Герцога де Валлеруа не пришлось долго уговаривать. Совесть у него была чиста. Он не раз шутливо говорил покойной госпоже де Ла Моннери: «Послушайте, тетя Жюльетт, если вы, составляя завещание, не будете знать, кому оставить эту маленькую картину Ланкре, вспомните обо мне». И госпожа де Ла Моннери ни разу прямо не отказала ему.
– Тогда я пришлю за картиной завтра утром моего шофера, – сказал герцог. – Не стоит включать ее в опись имущества, это только приведет к лишним расходам.
С того все и началось. Темное пятно на выцветших обоях гостиной в том месте, где висела картина Ланкре, походило на первую брешь в стене здания, обреченного на слом…
В свое время госпожа де Ла Моннери решила оставить свои драгоценности племяннице Изабелле. Та, казалось, не понимала, что, когда тетка составляла завещание, драгоценности эти были лишь небольшой частью ее состояния, между тем сейчас они стоили столько же – если не больше, – сколько все остальное имущество. Изабелла спокойно приняла завещанные драгоценности, сказав при этом Мари-Анж:
– В твоем возрасте драгоценности и не носят. А кроме того, в один прекрасный день они все равно достанутся тебе. Не говоря уже о том, что при показе моделей манекенщицы носят только поддельные драгоценности… И наконец, должны же мы уважать волю усопших.

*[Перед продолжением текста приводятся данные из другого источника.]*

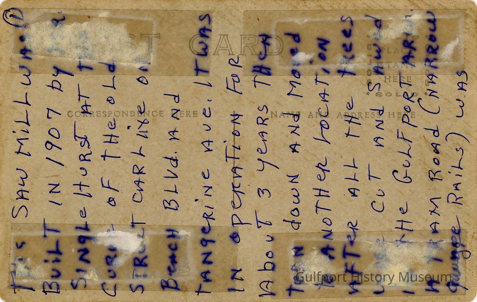 THIS SAW MILL WAS BUILT IN 1907 BY ISA (?) SINGLEHURST AT THE CORNER OF THE OLD STREET CAR LINE ON BEACH BLVD AND TANGERINE AVE. IT WAS IN OPERATION FOR ABOUT 3 YEARS THEN TORN DOWN AND MOVED TO ANOTHER LOCATION AFTER ALL THE TREES WERE CUT AND SAWED IN THE GULFPORT AREA. A TRAIN ROAD (NARROW GAUGE RAILS) WASTranscriber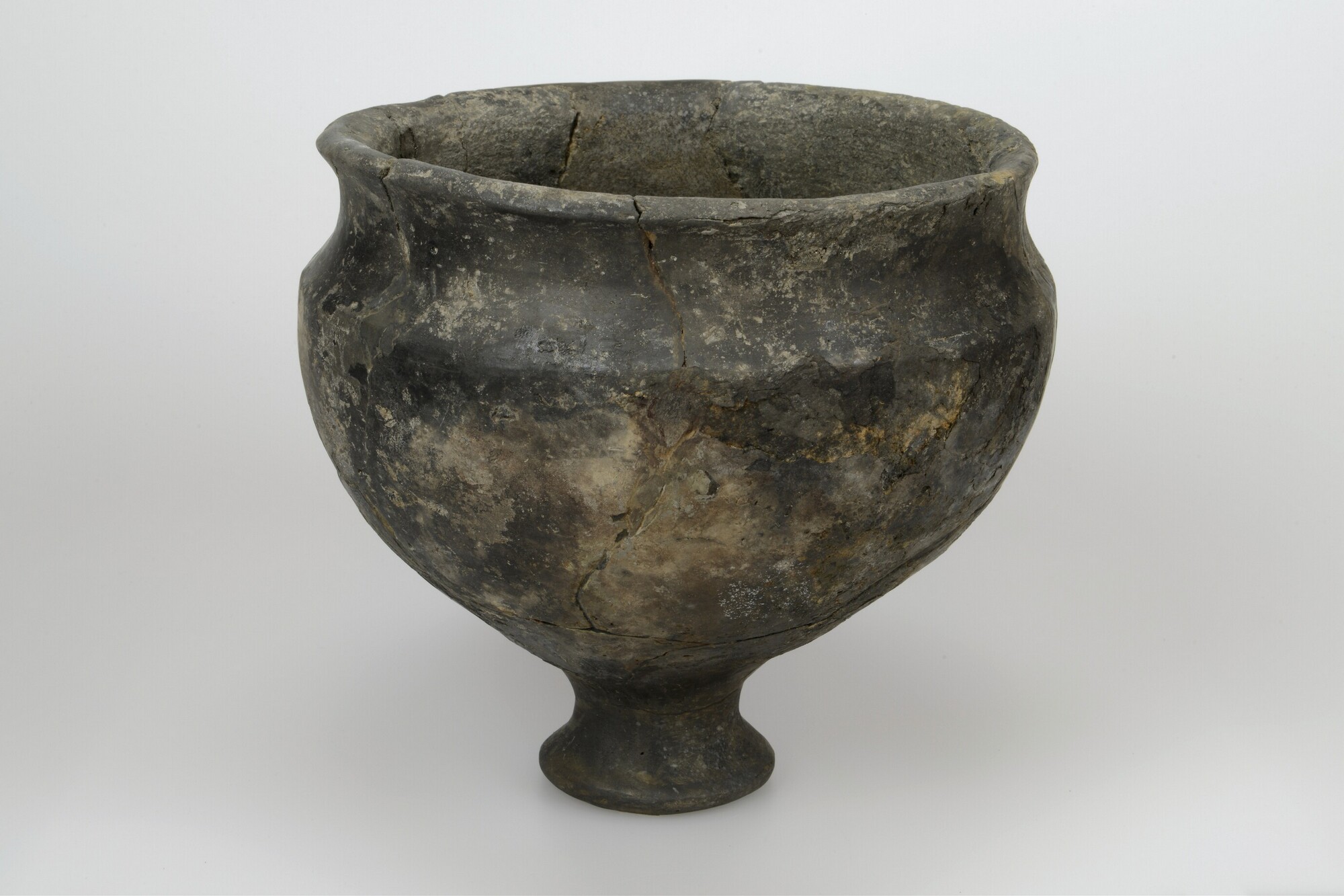 Situla/kelkpot; type Diederik F-V; inheems-Romeins aardewerk; wijdmondige situla op een stengelvoet met scherpe wandknik; holle standvoet;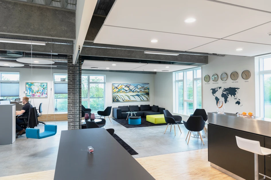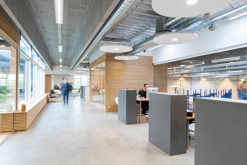 It places high demands on acoustics when former industrial premises are transformed into modern office environments while preserving the raw look. The architects at Bjørk & Maigård, therefore, chose to manage the reverberation time in the premises with acoustic rafts, when they transformed a 2,500 square meter warehouse building at Aars into a new office domicile for Kimbrer Computer.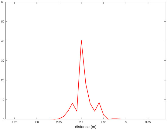In Figure 3, the probability Density Function (PDF) of the distance estimates , relative to a true distance of m, is shown. It can be shown that the probability mass concentrates in a m-range around m. In other words, there is a m offset with respect to the true distance. The statistical model derived in the following aims at systematically correcting this offset. Let us define as the average value of the range errors relative to the true distance :

Когда дело дошло до продажи особняка, обстановки и библиотеки поэта, наступил черед различных торговцев и преданных советчиков – старых дам, скупающих старинную мебель, антикваров и букинистов; все они, в меру своих сил, постарались урвать часть наследства и обстругали его, как столяр, что проходится рубанком по доске. Незадачливых наследников обманывали на всем – и когда оценивали крупное произведение искусства, и когда определяли стоимость безделушек, а брат и сестра в это время с видом знатоков советовались между собой.
Когда были покрыты все расходы по похоронам и по введению в права наследования, внесены проценты по закладной на дом поэта по улице Любек, уплачено всем экспертам и посредникам и, наконец, когда было продано все, что можно было продать, у Жан-Ноэля и Мари-Анж оказалось всего лишь по пятнадцать тысяч франков годового дохода. Но по крайней мере они могли жить на капитал. К тому же в их нераздельном владении оставался огромный замок Моглев (правда, он не приносил никакого дохода, а налог за него приходилось платить) – замок Моглев, где не было электричества, где все сто пятнадцать комнат стояли запертыми почти четыре года, замок Моглев, куда ни брат, ни сестра никогда не ездили и который они бы охотно продали, если бы нашелся чудак, готовый его купить.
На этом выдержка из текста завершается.